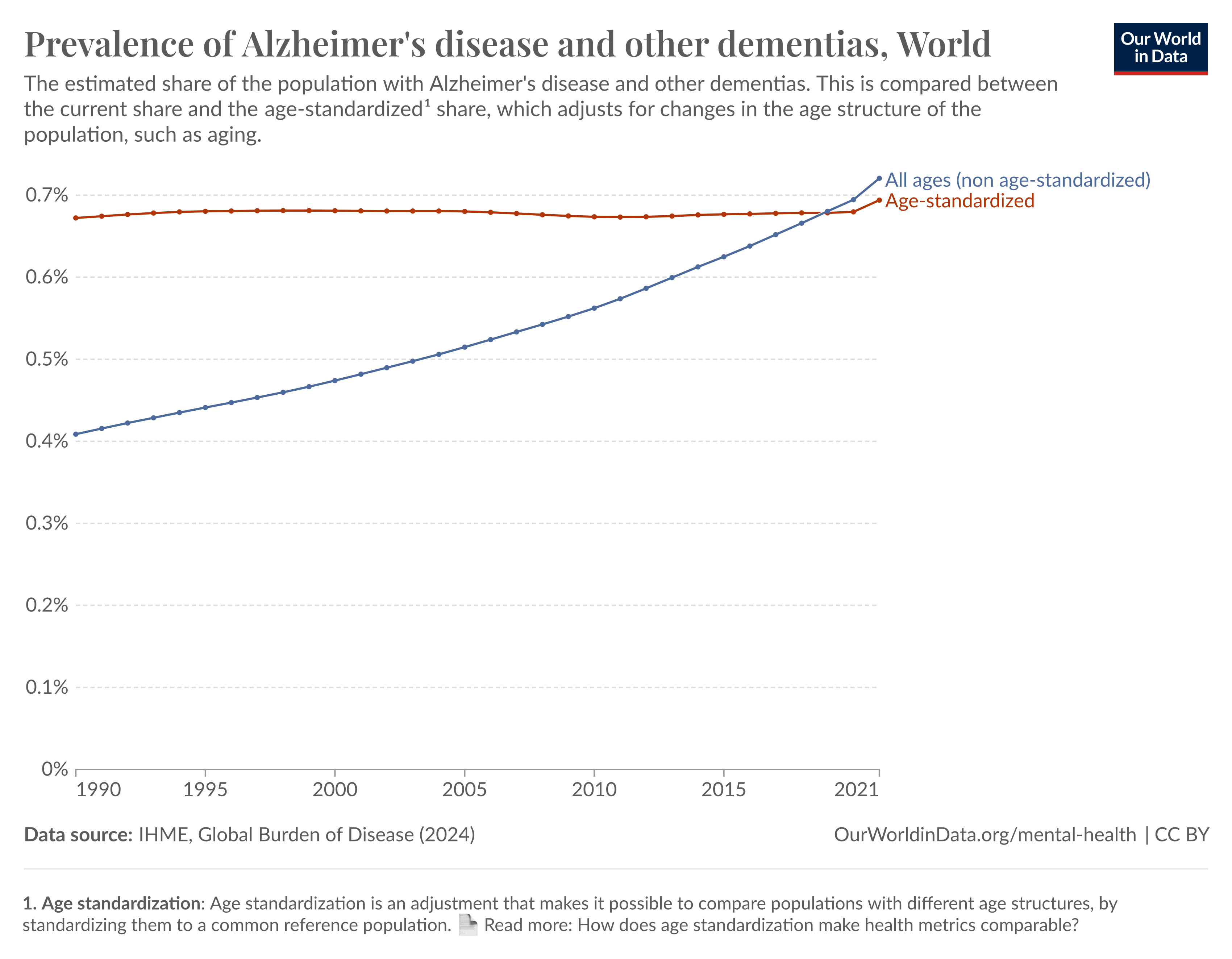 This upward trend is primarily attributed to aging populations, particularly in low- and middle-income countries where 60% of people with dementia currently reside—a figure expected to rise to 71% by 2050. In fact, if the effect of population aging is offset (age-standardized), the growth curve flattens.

* * *

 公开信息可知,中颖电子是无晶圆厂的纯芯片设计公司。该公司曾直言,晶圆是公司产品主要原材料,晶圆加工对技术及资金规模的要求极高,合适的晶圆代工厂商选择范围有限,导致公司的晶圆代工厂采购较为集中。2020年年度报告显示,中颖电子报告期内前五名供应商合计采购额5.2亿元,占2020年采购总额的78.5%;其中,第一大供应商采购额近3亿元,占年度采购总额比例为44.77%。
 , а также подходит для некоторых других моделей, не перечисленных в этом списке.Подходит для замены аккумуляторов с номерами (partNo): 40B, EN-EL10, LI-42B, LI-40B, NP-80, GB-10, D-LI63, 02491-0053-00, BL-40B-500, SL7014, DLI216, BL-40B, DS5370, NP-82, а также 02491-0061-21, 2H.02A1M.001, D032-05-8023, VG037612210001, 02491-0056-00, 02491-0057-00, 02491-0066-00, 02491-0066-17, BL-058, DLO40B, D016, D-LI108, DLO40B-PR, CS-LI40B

WHAT YOU NEED TO DO> Return only the lines between the one holding "公开信息可知,中颖电子是无晶" and the one holding "D-LI108, DLO40B-PR, CS-LI40B", inclusive, exactly as they appear above.

ANSWER BOX>
 公开信息可知,中颖电子是无晶圆厂的纯芯片设计公司。该公司曾直言,晶圆是公司产品主要原材料,晶圆加工对技术及资金规模的要求极高,合适的晶圆代工厂商选择范围有限,导致公司的晶圆代工厂采购较为集中。2020年年度报告显示,中颖电子报告期内前五名供应商合计采购额5.2亿元,占2020年采购总额的78.5%;其中,第一大供应商采购额近3亿元,占年度采购总额比例为44.77%。
 , а также подходит для некоторых других моделей, не перечисленных в этом списке.Подходит для замены аккумуляторов с номерами (partNo): 40B, EN-EL10, LI-42B, LI-40B, NP-80, GB-10, D-LI63, 02491-0053-00, BL-40B-500, SL7014, DLI216, BL-40B, DS5370, NP-82, а также 02491-0061-21, 2H.02A1M.001, D032-05-8023, VG037612210001, 02491-0056-00, 02491-0057-00, 02491-0066-00, 02491-0066-17, BL-058, DLO40B, D016, D-LI108, DLO40B-PR, CS-LI40B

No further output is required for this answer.